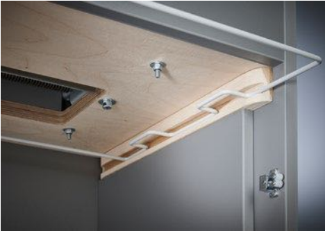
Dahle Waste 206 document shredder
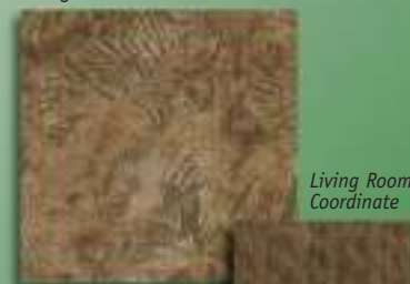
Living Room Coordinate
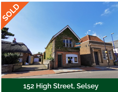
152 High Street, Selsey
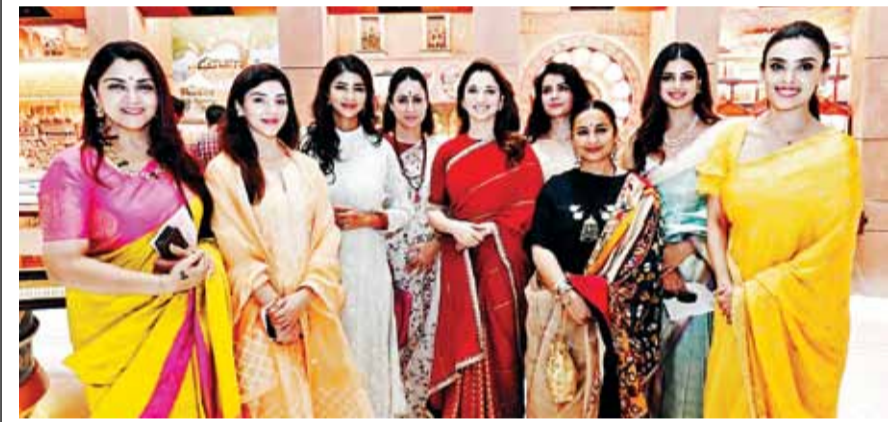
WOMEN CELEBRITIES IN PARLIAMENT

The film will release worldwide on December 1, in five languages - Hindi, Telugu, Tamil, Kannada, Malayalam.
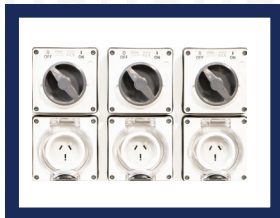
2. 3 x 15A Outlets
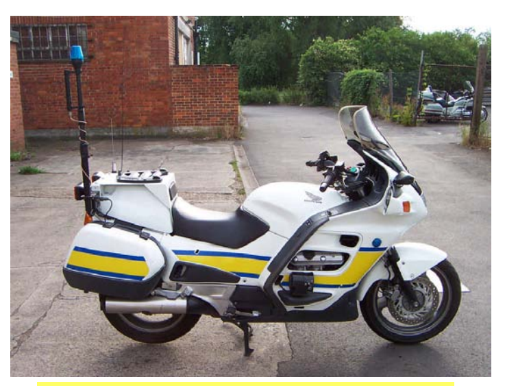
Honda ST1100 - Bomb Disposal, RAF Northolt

- WHAT YOU ARE ASKED TO DO -
Nothing but the lines from the one containing "Living Room Coordinate" to the last line of the records should be returned, exactly as they appear and without pictures.

- ANSWER FOR THE TASK -
Living Room Coordinate
152 High Street, Selsey
WOMEN CELEBRITIES IN PARLIAMENT

The film will release worldwide on December 1, in five languages - Hindi, Telugu, Tamil, Kannada, Malayalam.
2. 3 x 15A Outlets
Honda ST1100 - Bomb Disposal, RAF Northolt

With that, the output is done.